Furthermore, low-power majority logic-based AM design improves accuracy but depends on the size of the compressors for its accuracy [24]. Next, majoritybased and compressors-based AM provide better EMs. This AM may not exhibit satisfactory DMs for higher-order AMs [25]. Next, AM with reduced logic in compressors improves DMs but sacrifices accuracy, especially for higher-order AMs [26]. Next, the AM utilizes a modified booth multiplier with a truncation approach to enhance DMs, but experiences reduced accuracy with larger bit sizes [27]. Next, the error-efficient AMs entirely rely on the performance of suggested 4-2 compressors, with their accuracy and DMs depended on the compressor's size [28]. Next, AMs employing various PP reduction methods achieve better latency and accuracy compared to existing AMs [29]. However, accuracy remains a concern for high-input widths. Next, area and powerefficient AMs utilize low-power devices in compressors to enhance performance but have accuracy contingent on compressor size [30].

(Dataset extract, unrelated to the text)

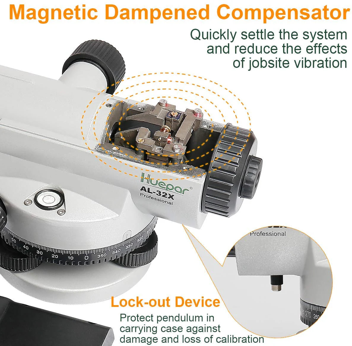 - COMPENSADOR AUTONIVELANTE CON BLOQUEO: El nivel óptico automático Huepar cuenta con un compensador magnético amortiguado autonivelante con bloqueo de transporte. El dispositivo de bloqueo protege el compensador durante el transporte y prolonga su vida útil. Además, los usuarios pueden examinar si el resorte de suspensión del compensador está dañado por la vibración después del transporte o no y comprobar el estado de funcionamiento del compensador.

Furthermore, the AM designed with half and full adder to improve DMs may not excel in accuracy, especially for higher-order AMs [31]. Next, the suggested AM utilized an unbiased 4:2 compressor, generating negative and positive sign errors in balance to enhance accuracy. However, it may compromise accuracy for higher-order bit widths [32]. Next, suggested Hardware-Efficient AM hardware-efficient AMs depend on minimum error 4-2 compressors, with the final product's accuracy contingent on the proposed 4-2 compressor [33].

Also, compressor-based, recursive-type, and truncation-type AMs are currently under review. For small-sized AMs, 4-2 compressors and modified 2-bit AMs are considered sufficient. Some of the well-known 4-2 compressors and recursive-type AMs are under review, and their methods, pros, and cons are listed in *Table 1*. From *Table 1*, it is evident that the suggested AMs are better in terms of DMs and EMs. However, the accuracy of larger AMs depends on the approximation of the smaller ones.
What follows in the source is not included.